C4.5 might be one of the most famous decision tree algorithms for classification 2. C4.5 is build on ID3, both of which were introduced by Quinlan 3. This algorithm relies on information gained to create its tree for classification. In this algorithm attributes with higher normalised information gain are used for decide the splits in the data. The the next highest attribute is used for subpartitioning the data recursively 3.
This algorithm is superseded by a new version C5.0, which is more efficient as it uses less memory and functions more efficiently and effectively, generating a smaller and more concise decision tree, while it is more general as it can classify more data types than its predecessor. It also incorporates boosting, which means multiple classifier trees can be generated and they will vote for predicting items’ classes. Boosting is a bootstrap aggregate (bagging) mechanism which may improve the stability and accuracy of the final result of the classifier 2. The last aspect of the algorithm is similar to what is provided by Random Forest algorithm, which creates many decision trees from random subsets of the training data 4.
C4.5 has two drawbacks 5, the first of which is overfitting, which might be solved by pruning the decision tree to be more general.
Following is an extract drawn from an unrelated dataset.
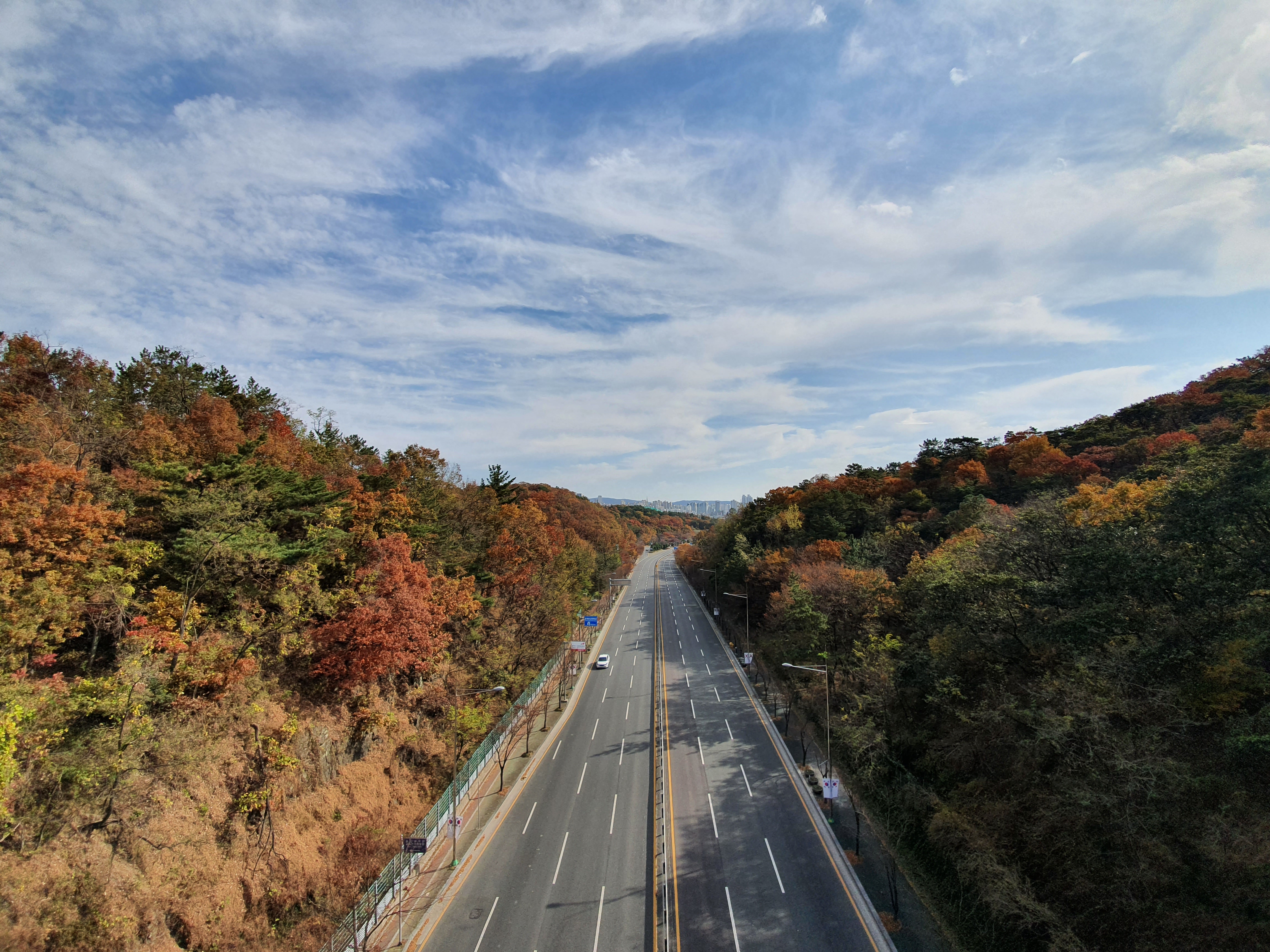 푸르른 하늘과 흰 구름 아래 완만한 산길이 좌측, 우측으로 휘어나가며 이어집니다.
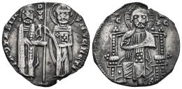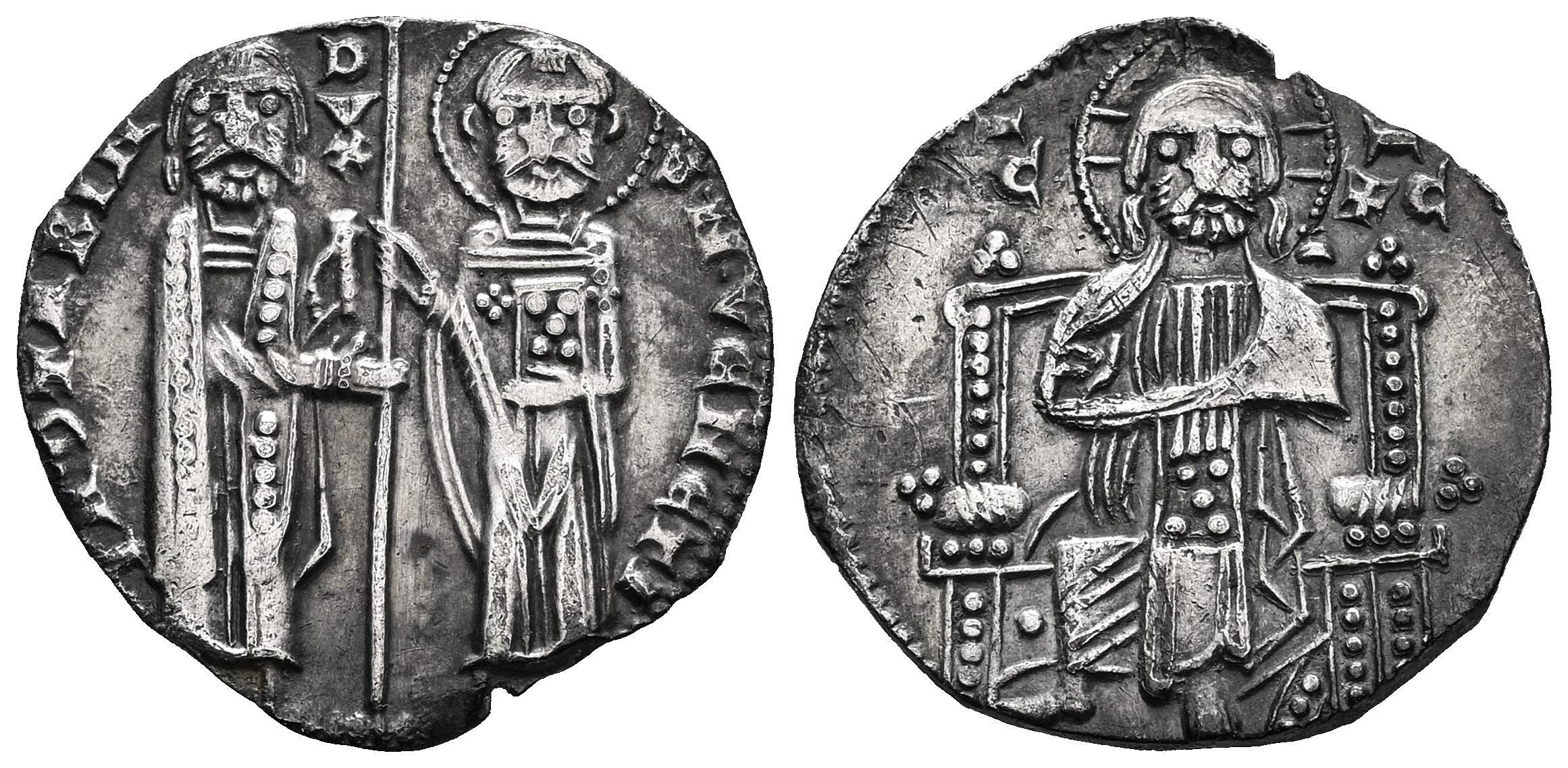 Italy. Venice. Iacopo Contarini (1275-1280). Grosso. 1280-1289 AD. Doge XLVII. (Paolucci-1). Anv.: IA•9TARIN S•M•VENETI, Doge and St Mark standing facing, holding banner between them; DVX downwards to left of staff. Rev.: Christ enthroned facing, raising hand in benediction and holding Gospels; quatrefoils on throne back, barred IC-XC across upper fields. Ag. 1,89 g. Delicate patina. Choice VF. Est...60,00.

Two types of pruning can be done on the tree pre-pruning and post-pruning. Pre-pruning is the operation of preventing particular branches from growing when information becomes unreliable. Post-pruning is the operation of cutting branches of a fully grown tree to remove unreliable parts. The second drawback originates from the very nature of the algorithm by selecting attributes with the highest information gain value. This process will become bias to the attributes with a large number of values.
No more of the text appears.